You just want to die.
You reach the breaking point.
You try to live because you said you would.
The grief is so great.
You know you’re a goddamn burden.
You know it’s a lost cause anyway.
You cry all day because you really fucked up.
You really fuck up.
All the goddamn time.
You are a dumb fuck.
You are self-destructively codependent.
You just want to die.
You promised not to.
You got nothing.
You can’t say what’s really wrong because it’s so shameful.
You can’t say what’s really wrong.
You hope a bus will just make it painless.
You can’t say what’s really wrong.
You. Want. To. Eat. Tylenol for breakfast. Your own bullshit for lunch. Bottles and bottles of Ativan for dinner. drugs. alcohol. more. Just hoping that it will be an accident.
You can’t say what’s really wrong.
You can’t go back to where things were.
You’ll die anyway if they move much more.
You committed and consented to your codependency.
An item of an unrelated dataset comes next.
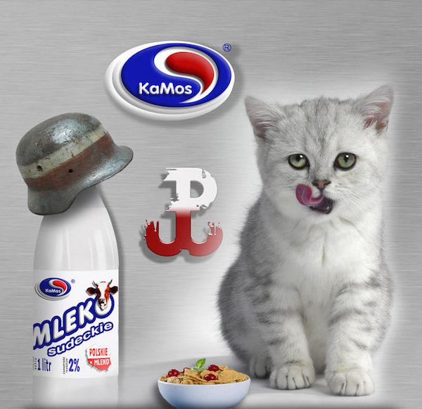 W sierpniu także hit! Mały kot z falującym językiem nad miską musli uświetnia miesiąc mleka. Obok stoi butelka firmowego mleka ubrana w powstańczy hełm z polską flagą i dziurami po kulach. Pomiędzy znak powstańców warszawskich. Inne odznaczone święta: wojska polskiego, dzień solidarności i wolności oaz niedziela handlowa.

You are just a brave little fucking fuckup.
You should die.
You can’t die.
You just die inside instead.
DIE INSIDE INSTEAD.
Die.
Inside.
Instead.
You see yourself clearly. The ugliness. The beauty. Haha jk. No beauty. Was foolin’.
You make your own bed of nails.
You gotta sleep there.
That’s all there is.
Because sometimes, you look back on the last few months, and you think, “I’ve really made a mess of my life. And I accept the consequences.”
But the consequences are far, far worse that you thought.
Because sometimes, you don’t get to die. You don’t get to leave.
Sometimes, you must face your most agonizing grief. Every. God. Damn. Day. Because. It’s. My. Own. Fault. Anyway.
I deserved it. I said yes. So whose fault is it but my own?
No ones. It’s my own.
So you can’t say what’s really wrong because then you’d make it far far worse. I’m an adult. I know what I got myself into.
You make your own bed.
And now I gotta fucking lie in it. Until natural death, and that’ll be a long, long time.